PMVS-2 Documentation

Documentation - PMVS (Version 2)

Things to try first

Download pmvs-2.tar.gz
Go into the directory containing the binary
>cd program/main
Execute the program for a sample dataset (hall2)
- Default command.
  ./pmvs2 ../../data/hall/ option.txt
- In case, your machines do not have enough memory, you can run 2 processes in parallel.
  ./pmvs2 ../../data/hall/ option.txt-0000
  ./pmvs2 ../../data/hall/ option.txt-0001
- In case, your machine has a lot of memory, try this to get denser points.
  ./pmvs2 ../../data/hall/ option-highres.txt
Results will be saved under hall/models/. If you run "./pmvs2 ../../data/hall/ option.txt", you should see the following three files as outputs.
- option.txt.ply (colored 3d points for visualization)
- option.txt.patch (full reconstruction information)
- option.txt.pset (input file for PoissonSurfaceRecon by Michael Misha Kazhdan and Matthew Bolitho)

Library compatibilities

The software is linked to the following libraries. The package includes several shared libraries under "program/main/", but in case the program does not run or generate expected results, you may need to install libgsl, blas and lapack by yourself. Same thing applies in compiling the source codes. The binary was compiled on a 64-bit linux machine (Red Hat 4.1.2-44, dual Xeon).

> ldd pmvs2
        libXext.so.6 => /usr/lib64/libXext.so.6 (0x0000003d5ea00000)
        libX11.so.6 => /usr/lib64/libX11.so.6 (0x0000003d5be00000)
        libjpeg.so.62 => /usr/lib64/libjpeg.so.62 (0x0000003d5f200000)
        libpthread.so.0 => /lib64/libpthread.so.0 (0x0000003d5a600000)
        liblapack.so.3 => /usr/lib64/liblapack.so.3 (0x00002b90ca58d000)
        libgsl.so.0 => /usr/lib64/libgsl.so.0 (0x00002b90cac7a000)
        libgslcblas.so.0 => /usr/lib64/libgslcblas.so.0 (0x00002b90cb055000)
        libm.so.6 => /lib64/libm.so.6 (0x0000003d59e00000)
        libstdc++.so.6 => /usr/lib64/libstdc++.so.6 (0x0000003d5d200000)
        libgcc_s.so.1 => /lib64/libgcc_s.so.1 (0x0000003d5b600000)
        libc.so.6 => /lib64/libc.so.6 (0x0000003d59a00000)
        libXau.so.6 => /usr/lib64/libXau.so.6 (0x0000003d5c200000)
        libXdmcp.so.6 => /usr/lib64/libXdmcp.so.6 (0x0000003d5c600000)
        libdl.so.2 => /lib64/libdl.so.2 (0x0000003d5a200000)
        /lib64/ld-linux-x86-64.so.2 (0x0000003d59200000)
        libblas.so.3 => /usr/lib64/libblas.so.3 (0x00002b90cb289000)
        libgfortran.so.1 => /usr/lib64/libgfortran.so.1 (0x00002b90cb4da000)

Compilation

We suggest on using the binary distribution, but if you choose to compile the source codes, try the following.

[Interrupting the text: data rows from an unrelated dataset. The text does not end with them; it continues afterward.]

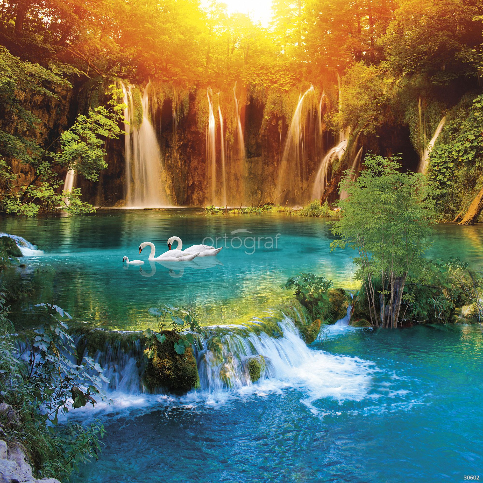 Сказочный пейзаж с тихим озером, водопадами и лебединой семьёй на воде. Атмосфера наполнена спокойствием, гармонией и мягким солнечным светом, создаёт ощущение естественной красоты и уюта. Такой сюжет прекрасно подойдёт для оформления спокойных и светлых помещений, добавив в интерьер ощущение свежести и умиротворённости.
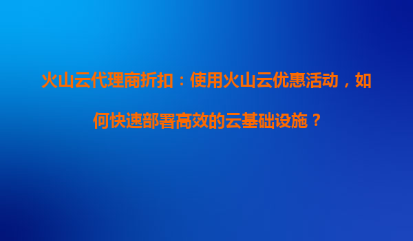 2025-09-16火山云代理商折扣:如何利用优惠活动快速部署高效云基础设施 引言 随着企业数字化转型的加速,云计算已成为支撑业务增长的重要基石。火山云作为国内领先的云服务提供商,凭借其稳定...
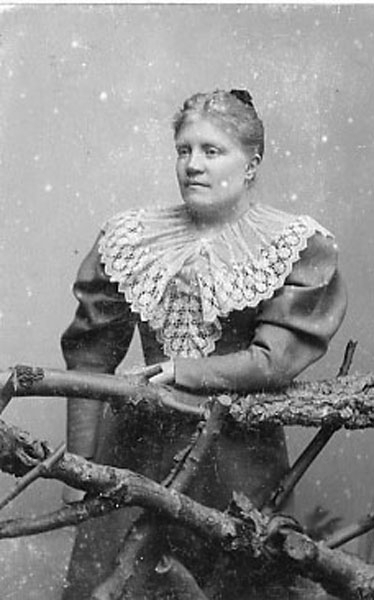 Kvinnoporträtt av Anna Karlson som var husföreståndarinna hos August Bondeson (1854-1906), författare, folklivsforskare och läkare. Bondeson växte upp i Vessigebro men bodde senare i Göteborg.
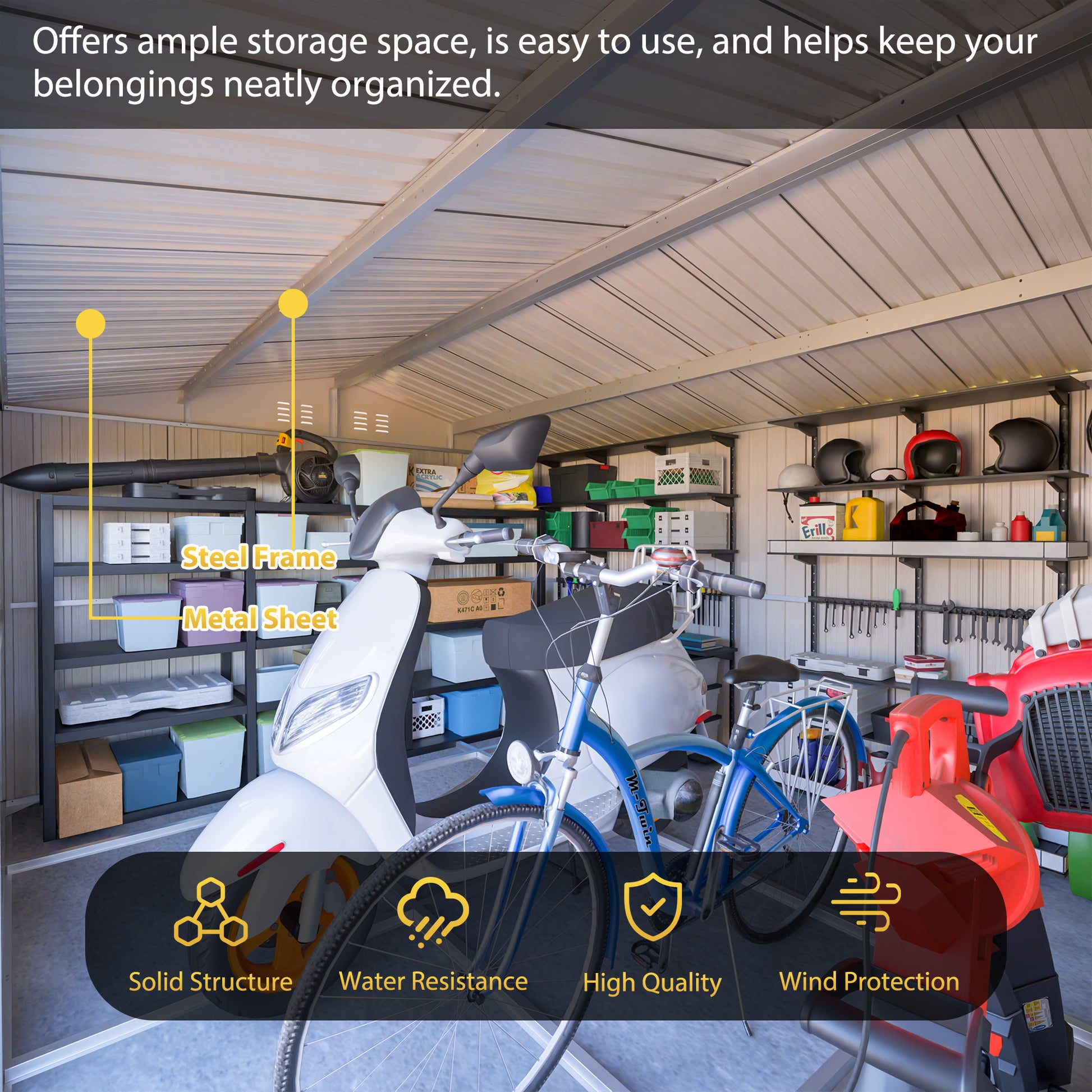 - 【Premium All-Weather Protection】Crafted from superior, thickened galvanized steel, this shed is built to last. It features excellent waterproof, rust-resistant, and UV-resistant properties, providing reliable, year-round protection for your belongings against rain, snow, harsh sun, and corrosion. Your tools and equipment are safe in any season.

Make sure you have all the libraries listed above in your system.
Go to directory "program/main"
Add INCLUDE and LDLIBRARY paths to Makefile
make depend
make

Input data formats

The software assumes certain directory structures and naming conventions. Each dataset has a root directory, and all relavant files are stored under root. There are roughly four types of input data to the software: images, camera parameters, segmentation masks, and the rest. The first three data types basically follow the same format as the first version except the segmentation masks. In the first version, white pixels mean background and black pixels mean foreground, but the meanings are flipped in the second version. So, white pixels mean foreground.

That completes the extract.